This is where technology comes in. ‘Many of the groups that we are concerned about disappearing – gay couple couples, lesbian couples – from a traditional organs-bumping-together standpoint, can’t have kids… that are genetically both of theirs,’ says Simone. ‘That certainly dissuades some people from having kids entirely.’ A still-nascent technique called in vitro gametogenesis (IVG), which grows eggs and sperm directly from stem cells, could change this. Cheaper egg freezing and IVF could lighten the trade-off between career and motherhood for women.
Then there are those who struggle with inheritable problems such as depression and schizophrenia. Diana Fleischman says she knows many ‘wonderful people’ who are leery about having children for this reason. Such problems could be mitigated by genetic screening and embryo selection. Titan was born through just such a process, the Collinses tell me, winning out over other embryos that had higher estimated risks of traits such as obesity, migraines and anxiety.
The idea of using birth rates to influence future politics is one many will find alarming. It echoes the American ‘Quiverfull’ movement, which dictates that Christians should breed profusely so that over time society will be stuffed full of good believers.
Malcolm is blunt that some techies are trying to do just that. ‘Silicon Valley people, they’ve done the math, and they actually do want to replace the world with their children,’ he says. ‘They’re like, “Oh yeah, I have eight kids, and if those kids have eight kids, and those kids have eight kids, then at the end my kids will make up the majority of the world’s population… I understand these people’s mindset. They’ve been economically successful… they think they’re better than other people.’ (Musk, he insists, is not of this persuasion.)
Fleischman says she has encountered this too: ‘A lot of this is secret, because it’s just not socially acceptable to say, “I’m going to use my wealth to make as many half-copies of myself as possible.

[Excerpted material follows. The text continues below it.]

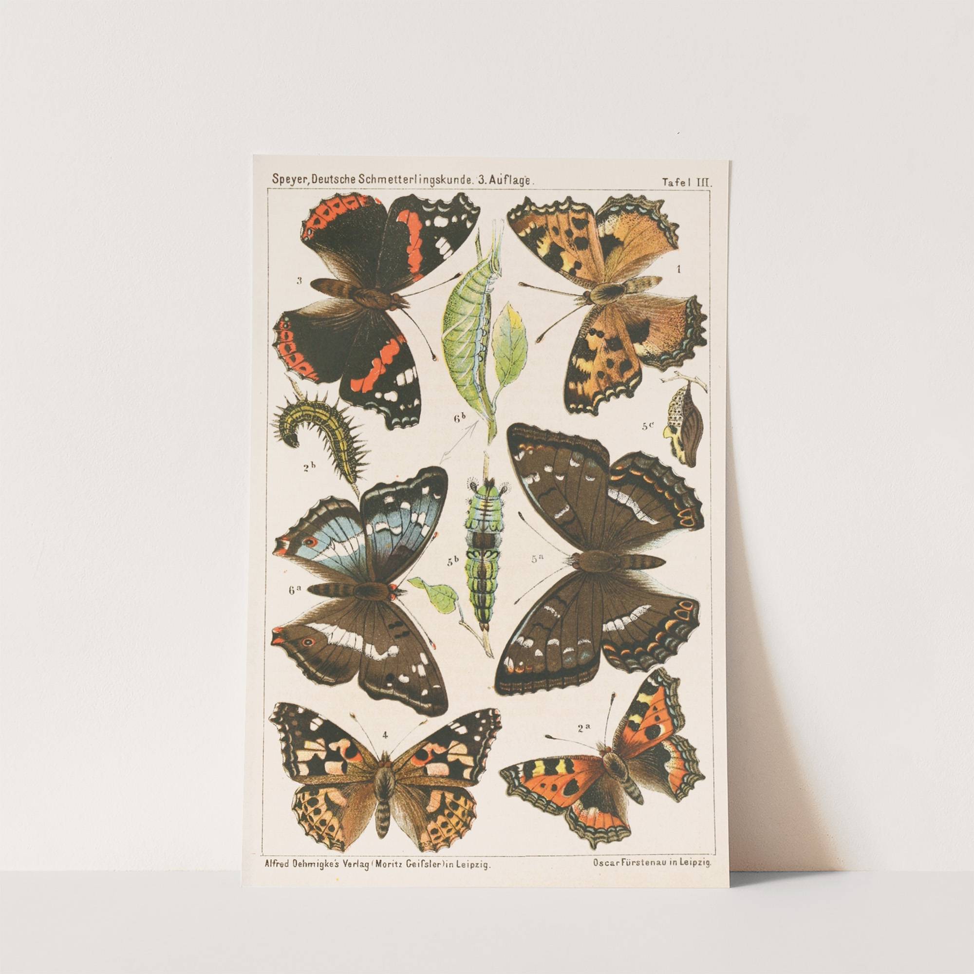 Discover the intricate beauty of butterflies with this detailed art print titled "Auge und Flügel der Tag-und-Nacht-Mimenschen," created by artist Adolf Speyer in 1883. This vibrant illustration features ten meticulously depicted butterflies, each showcasing unique patterns and colors. At the...

I’m going to photocopy myself into the future.”’
While Musk has been open about his pronatalist beliefs, others are staying quiet to maximise their chance of victory, notes Malcolm. ‘They’re like, “Why are you broadcasting this? We all know this, we can fix this on our own, we don’t need the diversity that you seem pathologically obsessed with”… they’re the people you’re not hearing from.’ Musk did not respond to a request to be interviewed.
If people don’t have more children, civilisation is going to crumble. Mark my words,’ Musk told a business summit in December 2021 – (Apex MediaWire Photo by Trevor Cokley/U.S. Air Force
The Collinses aren’t worried about this, because they think it is doomed to fail. They want to build a durable family culture that their descendants will actually want to be part of, not just ‘spam their genes’, and to help other families with different values do the same. ‘You have an 18-year sales pitch to your kids… and if you fail, well f—k you – your kid’s gonna leave,’ says Simone. ‘The people who carry forward their culture and viewpoints are going to be people who love being parents.’
Even so, this project inherently requires making some judgment on which cultures should prosper in future – and therefore, potentially, which genomes. That rings alarm bells for Emile Torres, a philosopher who studies the history of eugenics and its counterpart, dysgenics – the notion that humanity’s gene pool is slowly becoming somehow worse.
‘Dire warnings of an impending dysgenic catastrophe go back to the latter 19th century, when this idea of degeneration became really widespread in the wake of Darwin,’ Torres says. ‘Biologists were warning that degeneration is imminent, and we need to take seriously the fact that intellectually “less capable” individuals are outbreeding.’ Often this meant poor people, disabled people, non-white people, or other groups lacking the political power to contest their designation as inferior, leading to atrocities such as the Nazi sterilisation regime.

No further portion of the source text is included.